[Data excerpts — start]
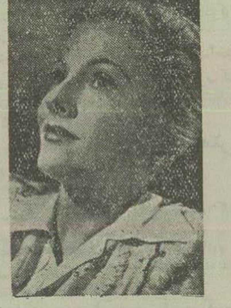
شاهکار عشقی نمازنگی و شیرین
[Data excerpts — finish]
[Data excerpts — start]
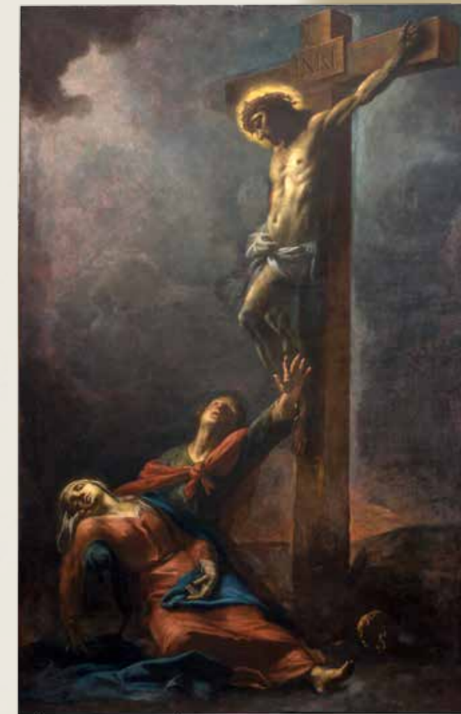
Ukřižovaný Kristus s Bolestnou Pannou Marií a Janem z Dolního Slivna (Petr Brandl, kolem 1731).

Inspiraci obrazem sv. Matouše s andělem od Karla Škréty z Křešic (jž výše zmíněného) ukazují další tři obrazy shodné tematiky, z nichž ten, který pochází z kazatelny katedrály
[Data excerpts — finish]
[Data excerpts — start]
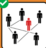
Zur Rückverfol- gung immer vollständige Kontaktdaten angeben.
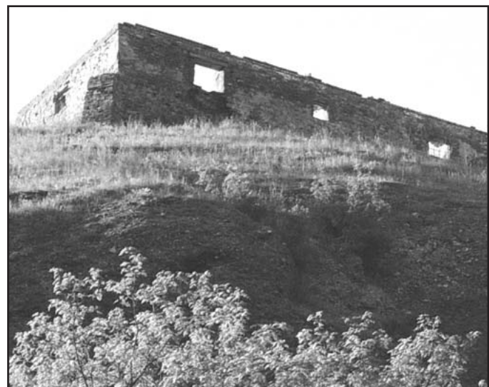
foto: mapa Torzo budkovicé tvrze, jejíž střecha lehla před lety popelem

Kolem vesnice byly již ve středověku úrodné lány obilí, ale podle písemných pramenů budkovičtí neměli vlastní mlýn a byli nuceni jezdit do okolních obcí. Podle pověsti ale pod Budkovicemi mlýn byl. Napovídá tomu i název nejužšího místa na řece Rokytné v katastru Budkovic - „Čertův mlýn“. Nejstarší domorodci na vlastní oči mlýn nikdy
[Data excerpts — finish]
→ Directions for this task: Reproduce exactly, with no pictures, the lines above from the one holding "Zur Rückverfol- gung" to the one holding "foto: mapa Torzo", inclusive.

→ Written solution:
Zur Rückverfol- gung immer vollständige Kontaktdaten angeben.
foto: mapa Torzo budkovicé tvrze, jejíž střecha lehla před lety popelem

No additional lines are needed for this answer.